> _DATASET EXTRACT_:
+ + +
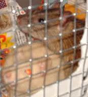 Then I took Mr. Mouseinthewall out of his cage and put him in the Sterilite cage. He showed no inclination to bite, ran up my arm, not frantic, and sat on my shoulder. Then I nudged him down my arm and into the Steralite bin.
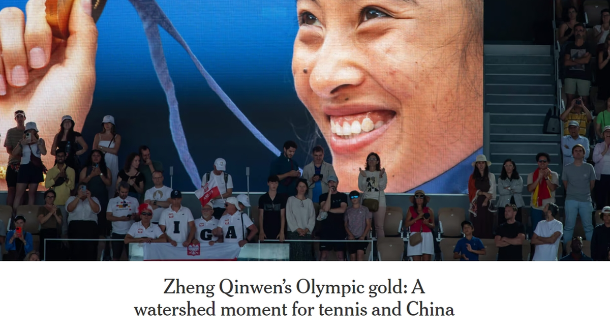 據美國《紐約時報》(NYTimes)當地時間4日在對中國網球選手鄭欽文的專(zhuan) 題報道中寫(xie) 道,對於(yu) 中國網球來說,這隻是一個(ge) 時間問題,不是嗎?當天淩晨,21歲的鄭欽文奪得巴黎奧運會(hui) 女子網球單打冠軍(jun) ,為(wei) 中國網球奪得了首枚奧運女單金牌。
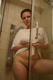 Роскошная женщина не снимая футболки решила помыться под душем.
+ + +
> _WHAT TO WORK ON_:
Copy exactly, and only, the lines from the line containing "據美國《紐約時報》(NYTimes)當地時間4日在對中國網球選手鄭欽文的專(zhuan) 題報道中寫(xie) 道,對於(yu)" through the final line of the material above, with no pictures.

> _ANSWER FOR THIS EXERCISE_:
 據美國《紐約時報》(NYTimes)當地時間4日在對中國網球選手鄭欽文的專(zhuan) 題報道中寫(xie) 道,對於(yu) 中國網球來說,這隻是一個(ge) 時間問題,不是嗎?當天淩晨,21歲的鄭欽文奪得巴黎奧運會(hui) 女子網球單打冠軍(jun) ,為(wei) 中國網球奪得了首枚奧運女單金牌。
 Роскошная женщина не снимая футболки решила помыться под душем.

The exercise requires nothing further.